I don’t question Germany’s right to make its own determination whether genocidal intent is present in Israeli actions in Gaza

That’s four cases that are considered clear by specialist historians. Then there are the debatable ones. 

Imperial Germany’s crimes in Tanzania (1905-1907) left up to 300,000 dead – killed, starved or ravaged by disease. Tanzania has stopped short of calling it genocide; Germany has asked for forgiveness. But a 2021 article in the scholarly journal Holocaust and Genocide Studies has argued that the legal conditions for genocide were, in fact, met. 

There is also the case of Soviet POWs: a total of 3.3 million killed. Up to early 1942, they were murdered in larger numbers than were the Jews – from mass starvation, lack of shelter, disease and mass executions. 

The concentration camp Auschwitz-Birkenau first housed Soviet prisoners. It was there, in 1941, that Zyklon B, the hydrogen cyanide used to gas Jews, was first tried on a mass scale with 600 POWs.

In the same 1943 speech where the SS leader, Heinrich Himmler, spoke explicitly of the extermination of Jews, he also referred to Slavs as subhumans, and said he didn’t care if 10,000 Russian women died under hard labour conditions.

Was all this legally genocide? The Nuremberg Tribunal stopped short of that. It spoke instead of crimes against humanity. The problem for the legal standard is that “Soviet” covered several nations and groups while the severity of punishment was not the same everywhere. 

However, Norman Naimark, writing in The Cambridge World History of Genocide (volume 3, p. 377), allows that it could be called a “genocide in the making”. He adds that, had the Nazis been victorious, then:

“Russians, Belarusians and Ukrainians would surely have shared the same fate of the Poles and been eliminated culturally and ethnically as distinct peoples and nations. Genocidal actions against those peoples would have been completed.”

So, that is how I arrived at the “legally wrong” number of German genocides, rivalling the number of Taylor’s husbands. However, before the insistence on strict legality, I am ready to yield: I should have said Germany’s experience with genocides rivals Jennifer Lopez’s with husbands (four, so far, plus two notable partners). 

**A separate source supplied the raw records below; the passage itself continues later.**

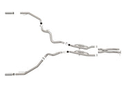 This cat-back exhaust system is constructed of 3 IN mandrel-bent 304 stainless steel tubing for maximum strength and durability. Finishing off this exhaust system are dual 12 IN diameter polished 304 stainless steel clamp-on exhaust tips. The tips features a laser etched aFe POWER logo for a unique style. This system produces a powerful sound unleashing all available horsepower and torque. Utilizing a factory style flange and hangers this system is a direct bolt-on system, which requires no cutting or modifications for a hassle-free installation. This system incorporates factory style exhaust valves which use the factory exhaust valve motors (not included). The valves help regulate, direct and control the flow of exhaust gases by opening, closing, or partially obstructing passageways depending on throttle position for maximum performance. State-of-the-art computer-aided design technology is utilized for precise vehicle fitment. 100% MIG-Welded for race-proven strength and durability.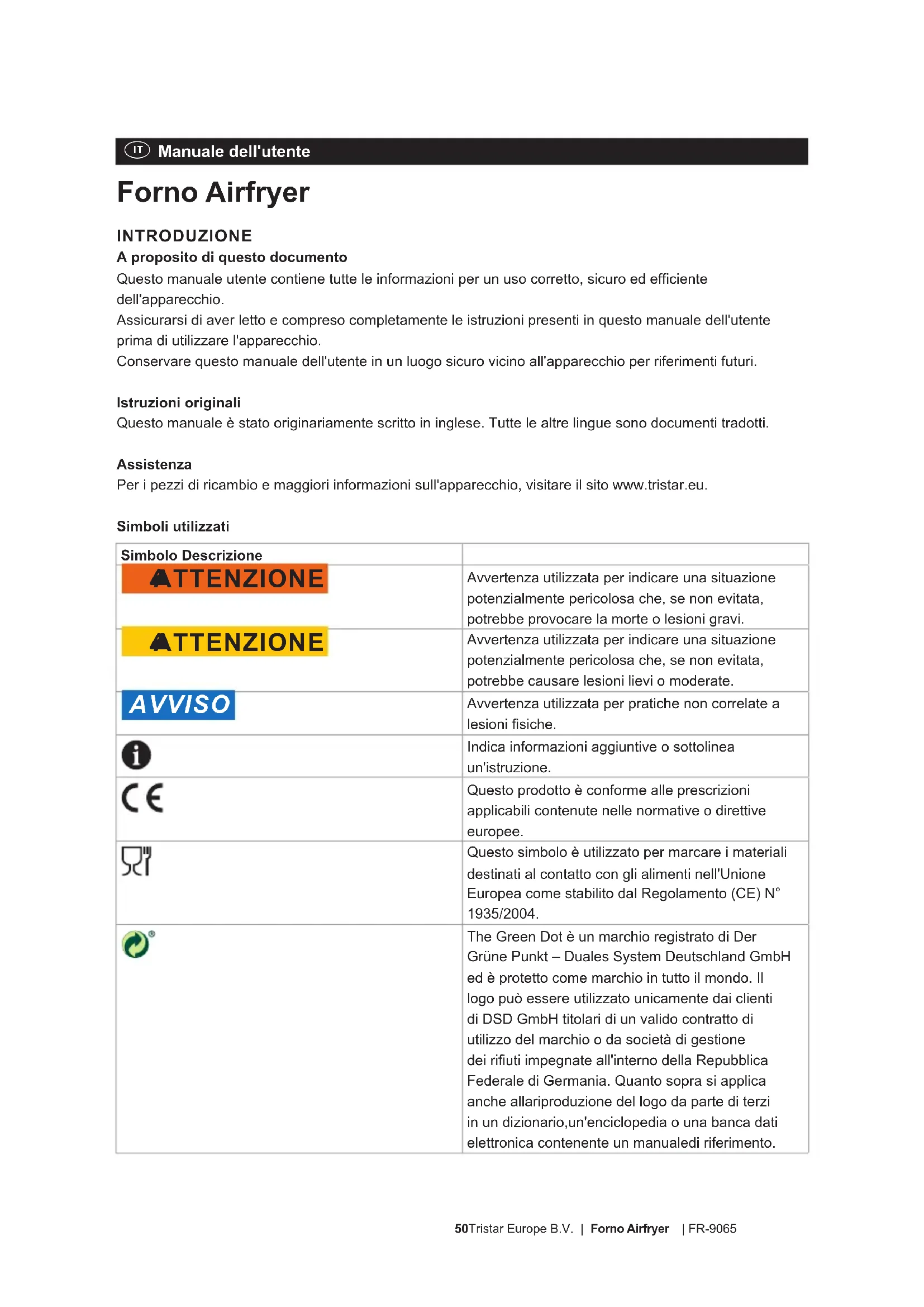 ATTENZIONE Avvertenza utilizzata per indicare una situazione potenzialmente pericolosa che, se non evitata, potrebbe causare lesioni lievi o moderate. AVVISO Avvertenza utilizzata per pratiche non correlate a lesioni siche. Indica informazioni aggiuntive o sottolinea un'istruzione. Questo prodotto è conforme alle prescrizioni applicabili contenute nelle normative o direttive europee. Questo simbolo è utilizzato per marcare i materiali destinati al contatto con gli alimenti nell'Unione Europea come stabilito dal Regolamento (CE) N° 1935/2004. The Green Dot è un marchio registrato di Der Grüne Punkt – Duales System Deutschland GmbH ed è protetto come marchio in tutto il mondo. Il logo può essere utilizzato unicamente dai clienti di DSD GmbH titolari di un valido contratto di utilizzo del marchio o da società di gestione dei riuti impegnate all'interno della Repubblica Federale di Germania. Quanto sopra si applica anche allariproduzione del logo da parte di terzi in un dizionario,un'enciclopedia o una banca dati elettronica contenente un manualedi riferimento.51Manuale dell'utente Il simbolo, il logo o l'icona del riciclaggio universale è un emblema riconosciuto a livello internazionale utilizzato per designare i materiali riciclabili. Il simbolo del riciclaggio è di dominio pubblico e non è un marchio. Applicabile in Francia: Il prodotto o l'imballaggio possono essere riciclati e i componenti devono essere smaltiti separatamente. Seguire le normative locali. Applicabile in Italia: Il prodotto o l'imballaggio possono essere riciclati e i componenti devono essere smaltiti separatamente. Seguire le normative locali. I riuti elettrici non vanno smaltiti insieme ai riutidomestici. Provvedere al riciclo dove esistono strutture. Eettuare laverica presso l'autorità locale o il negozio in loco per ottenereconsigli sul riciclaggio. DESCRIZIONE DELL'APPARECCHIO A proposito dell'apparecchio La Tristar FR-9065 è una friggitrice ad aria per grigliare, cuocere e arrostire gli alimenti utilizzando l'aria calda con un uso minimo o nullo di olio. Uso previsto Questo apparecchio è destinato esclusivamente all'uso interno. Questo apparecchio è destinato esclusivamente a un uso domestico e non commerciale. Questo apparecchio è destinato all'uso in applicazioni domestiche e simili come: - cucine per il personale in negozi, uffici e altri ambienti di lavoro; - case coloniche; - da clienti in hotel, motel e altri ambienti di tipo residenziale; - ambienti tipo bed and breakfast. Questo apparecchio non è destinato all'uso da parte di persone (compresi i bambini) con ridotte capacità fisiche, sensoriali o mentali o prive di esperienza e conoscenza, a meno che non siano state supervisionate o istruite sull'uso dell'apparecchio da una persona responsabile della loro sicurezza. L'apparecchio non deve essere utilizzato da bambini di età inferiore agli 8 anni. L'apparecchio può essere utilizzato da bambini di almeno 8 anni e da persone con ridotte capacità fisiche, sensoriali o mentali oppure senza la necessaria pratica ed esperienza sotto la supervisione di un adulto o dopo aver ricevuto adeguate istruzioni sull'uso in sicurezza dell'apparecchio e aver compreso i possibili rischi. I bambini non devono giocare con l'apparecchio. Mantenere l'apparecchio e il relativo cavo fuori dalla portata dei bambini di età inferiore agli 8 anni. I bambini non devono eseguire interventi di manutenzione e pulizia almeno che non abbiano più di 8 anni e non siano controllati. L'apparecchio non è progettato per essere azionato tramite un timer esterno o un sistema di telecomando separato. Qualsiasi uso dell'apparecchio diverso da quello descritto in questo manuale dell'utente è considerato un uso improprio e può causare lesioni o danni all'apparecchio e invalidare la garanzia. Speciche tecniche Nome dell'apparecchio Forno Airfryer52Tristar Europe B.V. | Forno Airfryer | FR-9065 Numero dell'articolo FR-9065 Alimentazione 220 - 240 V ~ 50/60 Hz Consumo di energia in uso 1600 - 1800 W Parti principali (vedi immagine A)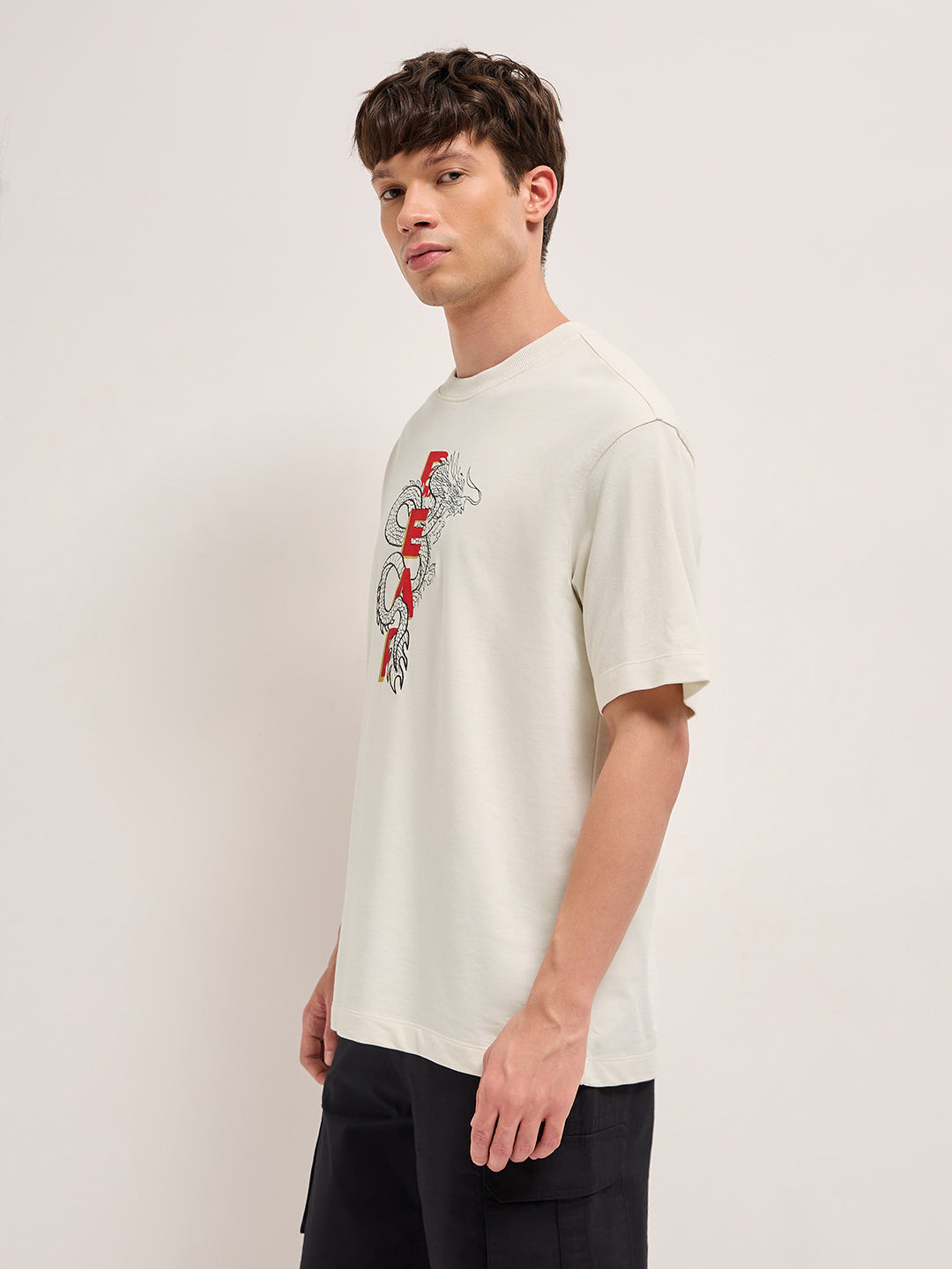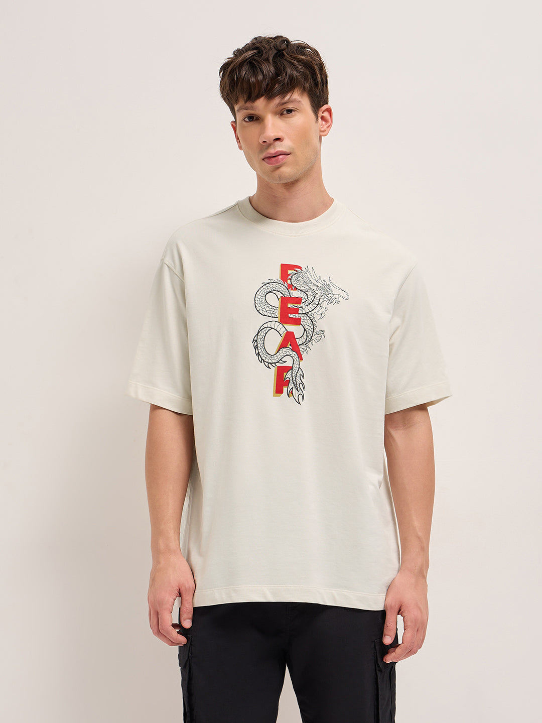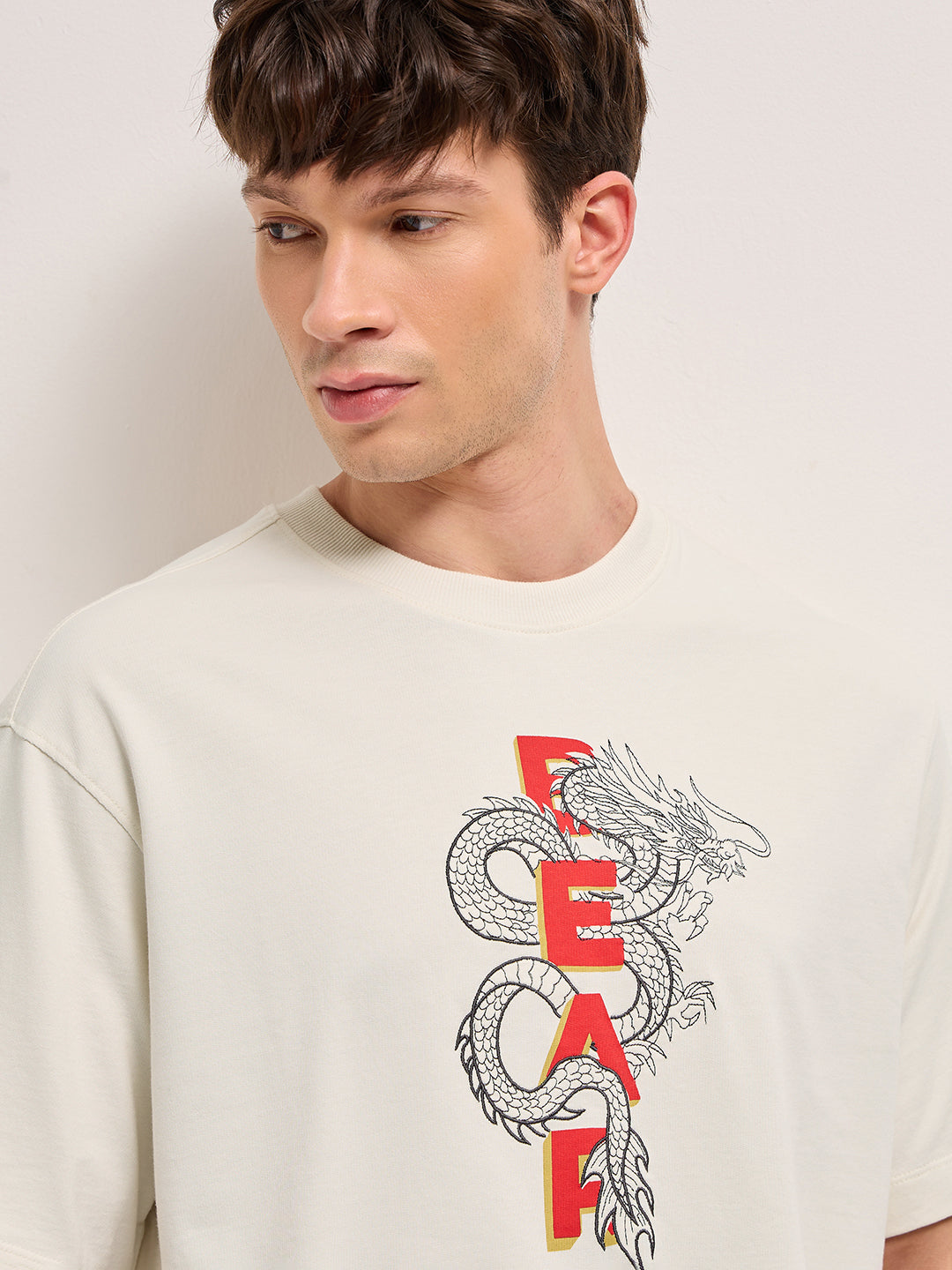 Shop Cream Oversized Crew Neck T-Shirt with Embroidered Dragon and “FEAR” Text Graphic Online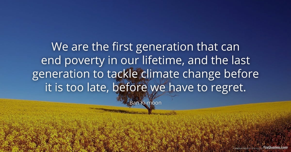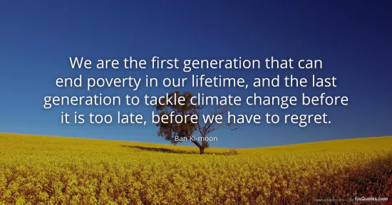 Ki-moon, Ban. "We are the first generation that can end poverty in our lifetime, and the last generation to tackle climate change before it is too late, before we have to regret." FixQuotes. March 8, 2026. https://fixquotes.com/quotes/we-are-the-first-generation-that-can-end-poverty-185754/.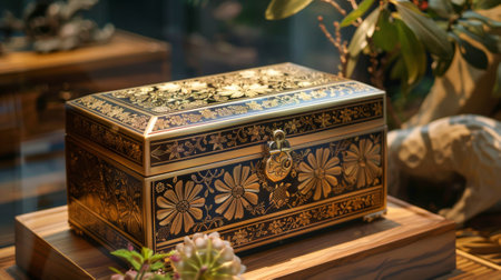 elegant jewelry storage, a lavish gold jewelry box with intricate floral designs and a lock for security, making it a beautiful addition to any vanity

As for the charge that, with such analogies, I am belittling the Holocaust, that’s nonsense.

First, drawing attention to all the victims of a criminal never belittles the victims of his most heinous crime. 

Second, it is clear that the suffering of the victims is not the target of my ridicule. I don’t even question Germany’s right to make its own determination whether genocidal intent is present in Israeli actions in Gaza.

My target is rather Germany’s nerve in lecturing others on genocide – including its past genocidal victim, Namibia – saying that any accusation “has no basis whatsoever”. It’s like Taylor, or Lopez, lecturing us on marriage.

Like Bartov, an Israeli Jew, the UN court has decided otherwise. It has not said that genocide is taking place but it has affirmed that there is a basis for investigation. 

I didn’t single out Germany for mockery. I included statements by the foreign ministers of France and the UK. All three are countries with many traditions and institutions to admire, from which Malta can learn much. 

Europe’s contribution to human dignity and decency would be far smaller without these three major European states. My reading about their crimes is driven by a desire to understand the conditions under which high civilisation can fall so low.

Without understanding and criticism, the risk is greater that the crimes are repeated.